[Records provided — start]

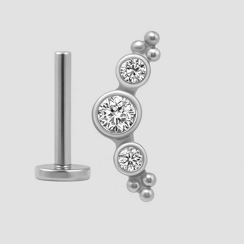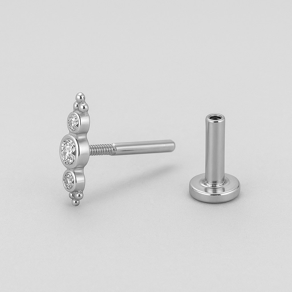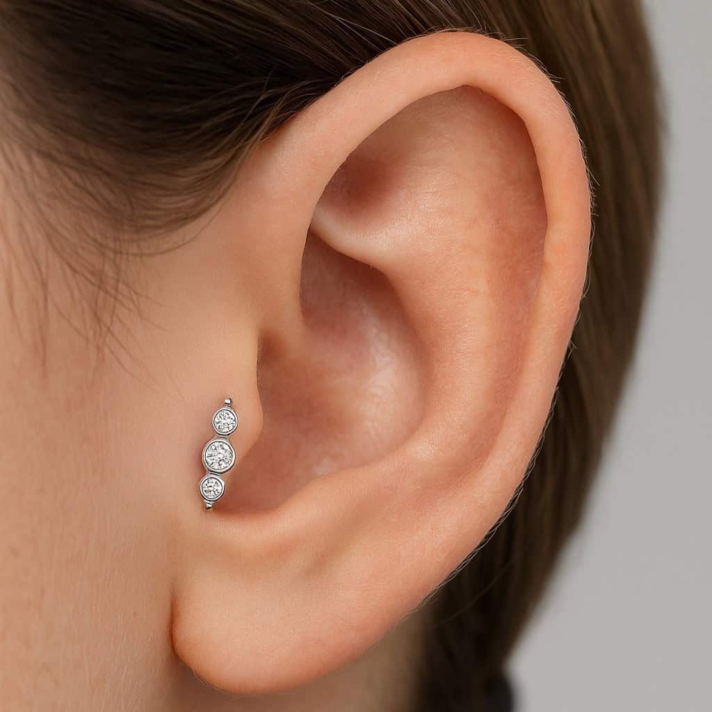 עגיל קשת (בודד) משובץ שלושה יהלומים זהב לבן לפירסינג
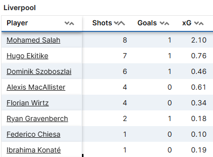 Front two Salah and Ekitike registered a massive 15 shots between them, with the Egyptian especially spurning some good chances.
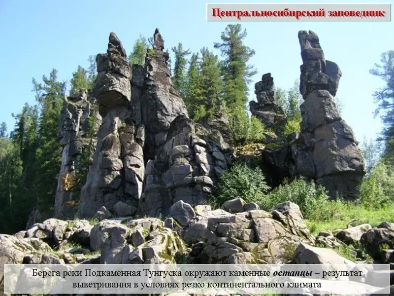 Берега реки Подкаменная Тунгуска окружают каменные останцы - результат выветривания в условиях резко-континентального климата («Тунгусские столбы»).
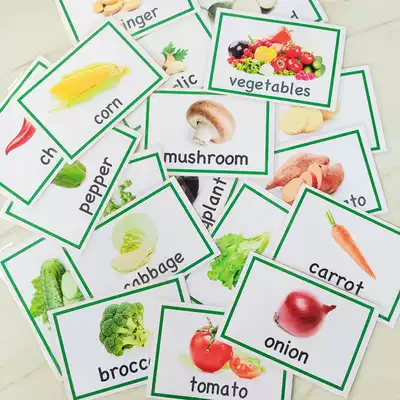 English card waterproof Enlightenment flash card vegetables 20 kindergarten children's word card early education English map teaching aids
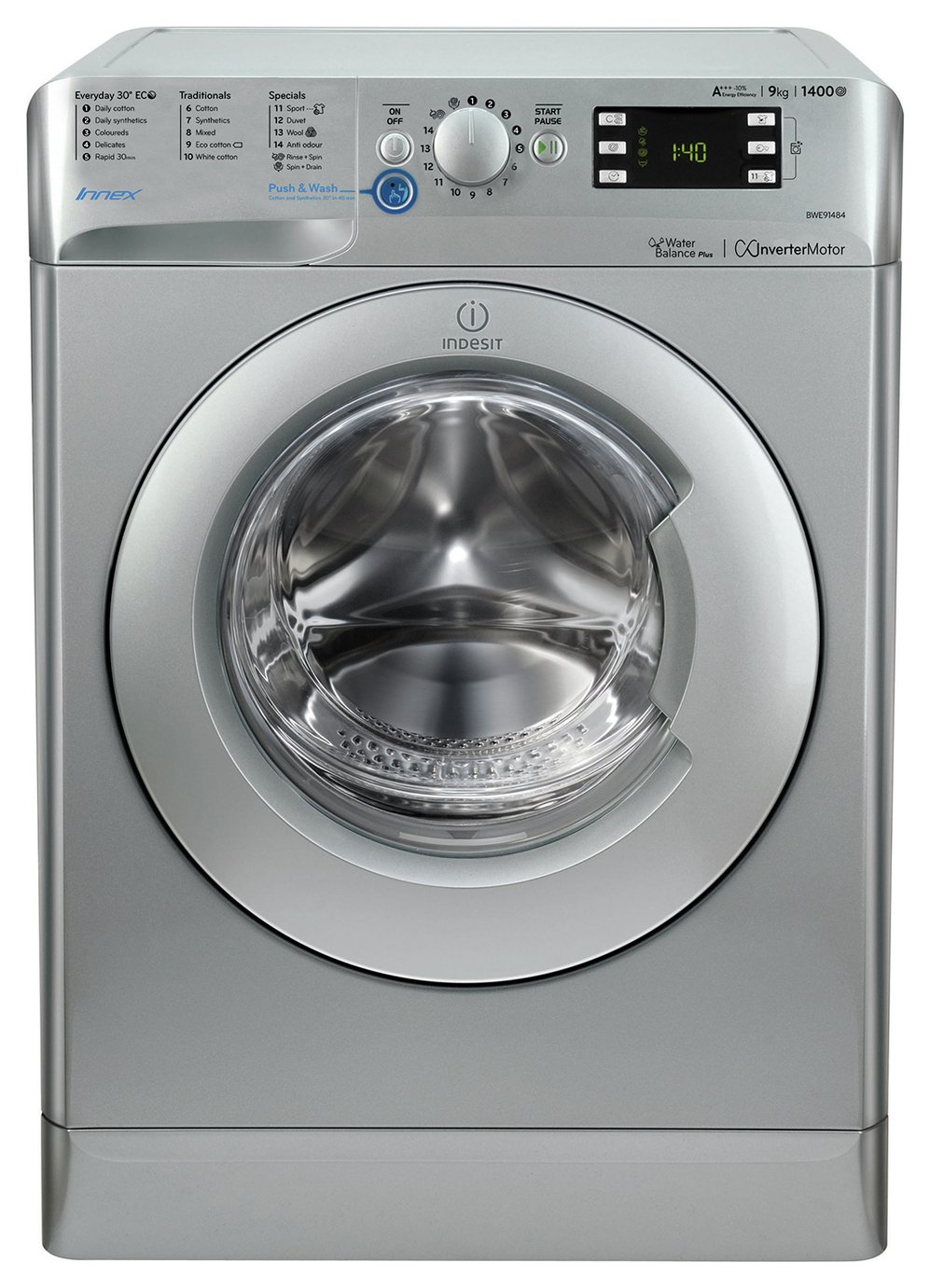Indesit BWE91484X 9KG 1400 Spin Washing Machine Silver (6558491
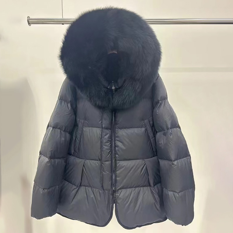 2024 겨울 유럽 역 폭스 모피 칼라 A 자형 케이프 화이트 덕 아래로 슬리밍 후드 짧은 다운 재킷 여성 패션스토어 가기
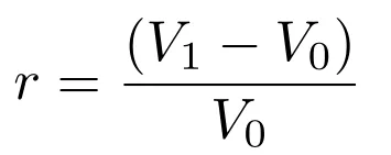 \frac{(V_1 - V_0)}{V_0} &= \left\{ \frac{[V_0 \times (1 + r)] \times [1 + fx] - V_0}{V_0} \right\} \approx r + fx, \\
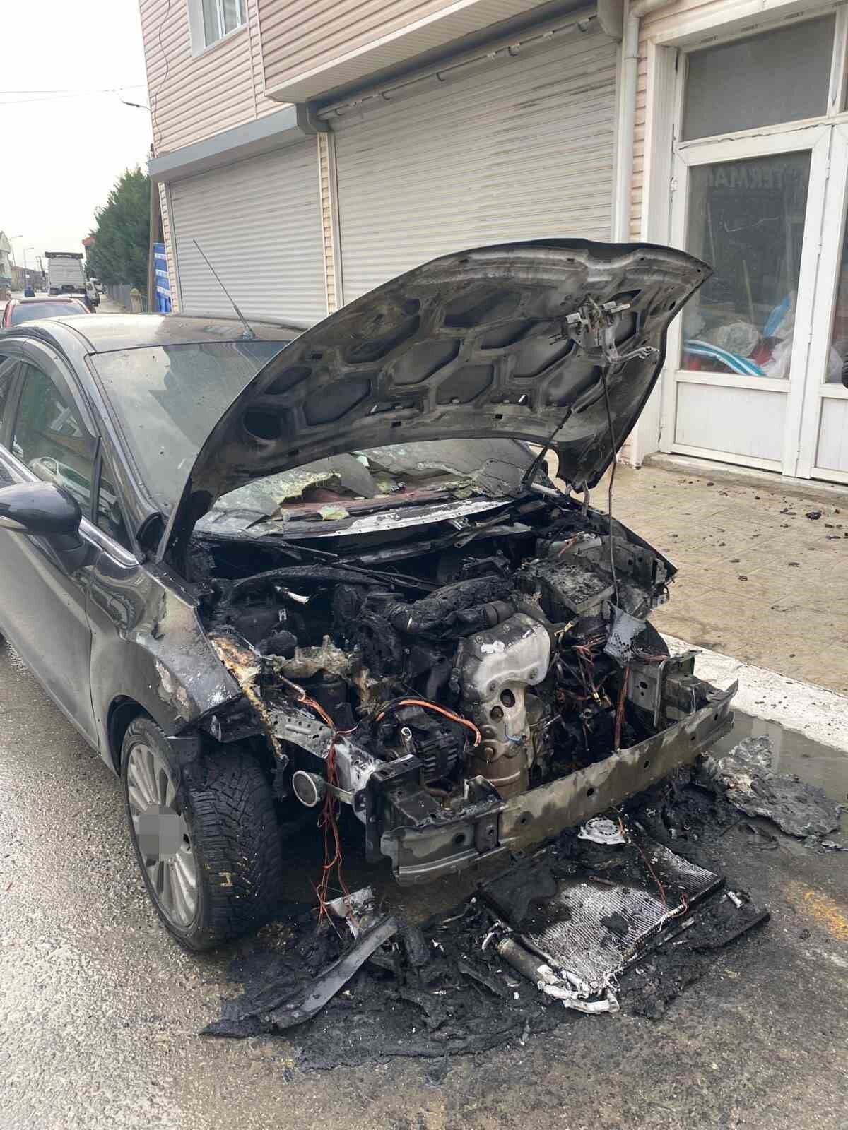 Kırklareli’nin Pınarhisar ilçesinde park halindeyken motor kısmından alev alan otomobil, itfaiye ekiplerinin müdahalesiyle söndürüldü.
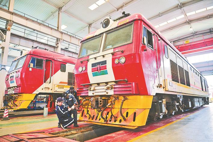 8月19日,在肯尼亚内罗毕非洲之星铁路运营有限责任公司机务检修车间,中肯铁路工作者在检查机车。 记者从非洲之星铁路运营有限责任公司获悉,截至8月16日,由中国企业承建并运营的肯尼亚蒙内铁路已实现安全运营3000天。自2017年5月31日开通以来,蒙内铁路累计运送旅客1592.8万人次,运输货物4196.3万吨。 蒙内铁路东起肯尼亚港口城市蒙巴萨,西至首都内罗毕,全长472公里。蒙内铁路是肯尼亚独立以来建设的首条铁路,也是中肯共建“一带一路”合作的标志性项目。新华社记者 杨光 摄
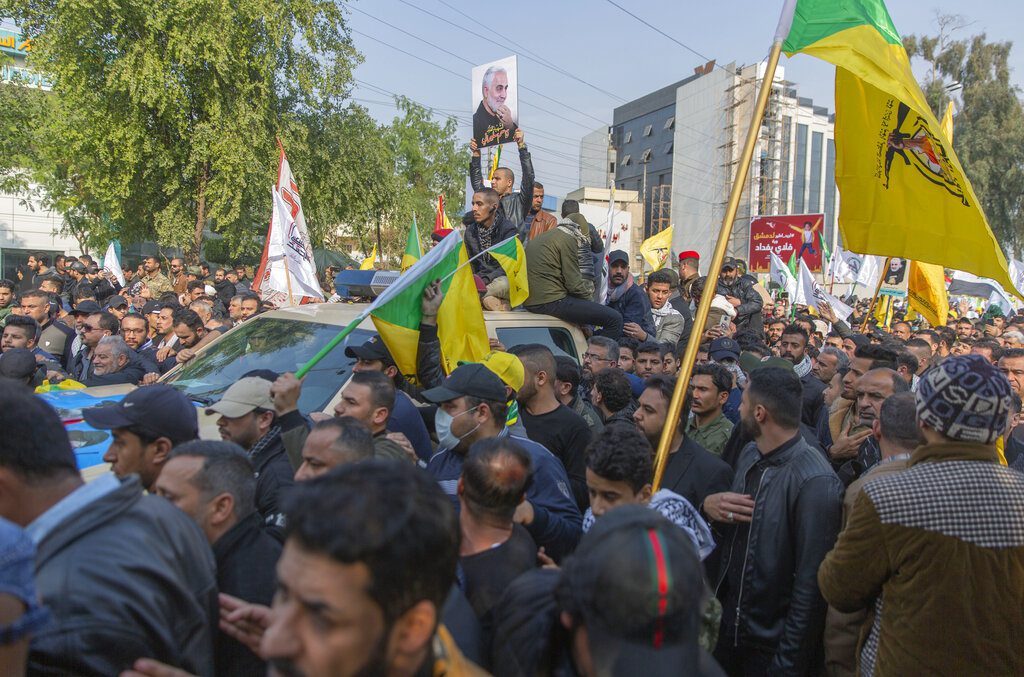 BAGHDAD (AP) — Thousands of mourners chanting “America is the Great Satan” marched in a funeral procession Saturday through Baghdad for Iran's top general and Iraqi militant leaders, who were killed in a U.S. airstrike. Gen. Qassem Soleimani, the head of Iran's elite Quds force and mastermind of its regional
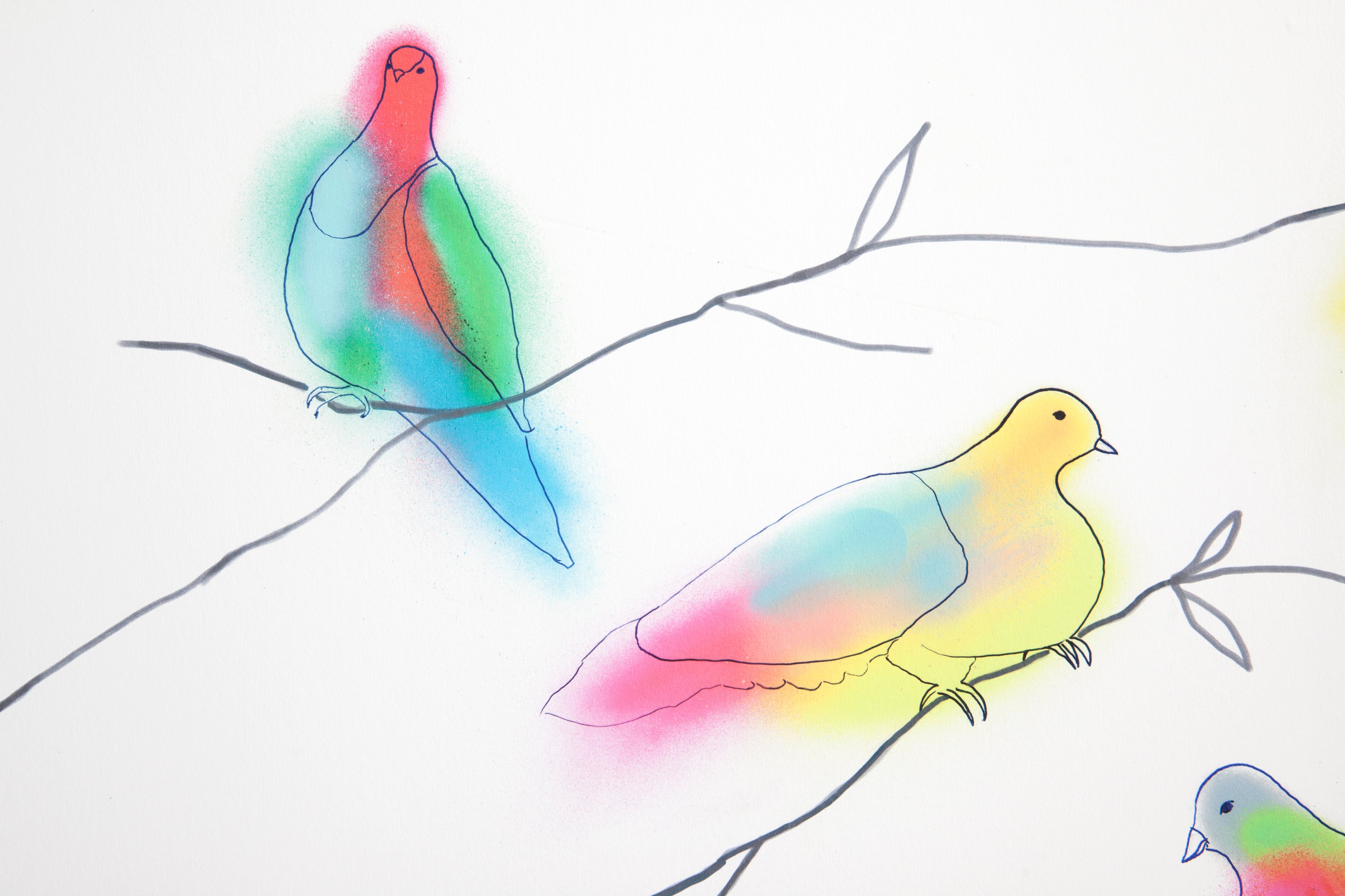 Wallpaper panels in a painterly bird and branch print in green, yellow, pink and black on a white field.

[Records provided — finish]

=== Work required ===
Your answer should contain only the lines from the beginning of the listing above through the line with "English card waterproof", copied exactly and without the pictures.

=== Solution for this task ===
 עגיל קשת (בודד) משובץ שלושה יהלומים זהב לבן לפירסינג
 Front two Salah and Ekitike registered a massive 15 shots between them, with the Egyptian especially spurning some good chances.
 Берега реки Подкаменная Тунгуска окружают каменные останцы - результат выветривания в условиях резко-континентального климата («Тунгусские столбы»).
 English card waterproof Enlightenment flash card vegetables 20 kindergarten children's word card early education English map teaching aids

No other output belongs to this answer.